Under the circumstances, step S306 may include: determining the L exponents respectively corresponding to the L first intermediate results; selecting the largest value from the L exponents, and determining L−1 first intermediate results other than the first intermediate result corresponding to the largest value among the L first intermediate results; in V first intermediate results which include input sub-tensors whose type is the second accuracy type among the L−1 first intermediate results, replacing the input sub-tensor whose type is the second accuracy type in each of the V first intermediate results with the sum of the W intermediate sub-tensors whose type is the third accuracy type, expanding to obtain W third intermediate results corresponding to each of the V first intermediate results, where the third intermediate result is expressed in the form of the multiplication or convolution of the input sub-tensor whose type is the third accuracy type and the intermediate sub-tensor, and V is a positive integer; and taking all third intermediate results corresponding to the V first intermediate results, the first intermediate result corresponding to the largest value, and L−1-V first intermediate results other than the V first intermediate results among the L−1 first intermediate results as the U second intermediate results.

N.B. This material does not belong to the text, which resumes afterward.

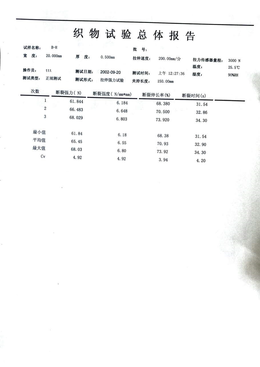 三、打开测量软件,软件上设定好200mm/min的速度后,夹持器会以200mm/min的速度做等速运动,至无纺布被拉断后,仪器记录无纺布样品的断裂强力,断裂伸长率,断裂时间,断裂强度等指标。可以在程序上设定好每次要做的次数,此次试验我们给用户做三次,三次做完后程序上会自动计算这三次的^大值,^小值和平均值(断裂强力,断裂伸长率,断裂强度,断裂时间)。下图是横向无纺布样品的测试报告,测试的机型为YG026B型织物强力机,拉力传感器量程为3000N。

For example, in other embodiments, the input sub-tensors that are of the second accuracy type in the L first intermediate results may all be replaced with the sum of the W input sub-tensors that are of the third accuracy type.
For example, the input tensor including the input tensor A and the input tensor B is still taken in the following as an example to describe the specific execution process of steps S305 to S309 in the calculation of A×B.
First, in step S305, L first intermediate results A1×B1, A1×BM, AM×B1, and AM×BM, etc. are obtained, and the specific process may refer to step S301, and the details will not be repeated.
Thereafter, in step S306, the input sub-tensors that are of the second accuracy type among the L−1 first intermediate results except A1×B1 with the exponential largest value among the L first intermediate results are replaced with the sum of W intermediate sub-tensors that are of the second accuracy type. For example, assuming that A1 and B1 are of the second accuracy type, and other M−1 input sub-tensors are of the third accuracy type, refer to the process of step S20 to obtain W intermediate sub-tensors A′1, . . . , A′w that are combined to represent A1, and W intermediate sub-tensors B′1, . . . , B′w that are combined to represent B1, and A′1, . . . , A′w and B′1, . . . , B′w are all third accuracy type. For V first intermediate results including A1 and B1 among the L−1 first intermediate results other than A1×B1, A1 in these first intermediate results is replaced with A′1+ . . . +A′w, and B1 is replaced with B′1+ . . . +B′w, and expanded to obtain the third intermediate result corresponding to each of the V first intermediate results. Taking A1×BM as an example, A1 is replaced with A′1+ . . . +A′w, so that A1×BM=(A′1+ . . . +A′w)×BM=A′1×BM+ . . . +A′w×BM, thereby obtaining W third intermediate results A′1×BM, . . . , A′w×BM corresponding to the first intermediate result A1×BM.
The first intermediate results A1×B1, V*W third intermediate results corresponding to the first intermediate results including A1 and B1, and L−1-V first intermediate results which include neither A1 nor B1 in the L intermediate results are taken as U second intermediate results, where U=V*W+L−V.
Afterwards, in step S307, the U exponents corresponding to the U second intermediate results and the largest exponent therein are determined. For the specific process, reference may be made to step S302, and the details will not be repeated here.
After that, in step S308, at least one second intermediate result where an absolute value of a difference between the exponent and the largest exponent is less than or equal to F1 is selected from the U second intermediate results.
Finally, in step S309, the sum of the at least one second intermediate result is calculated as the final calculation result.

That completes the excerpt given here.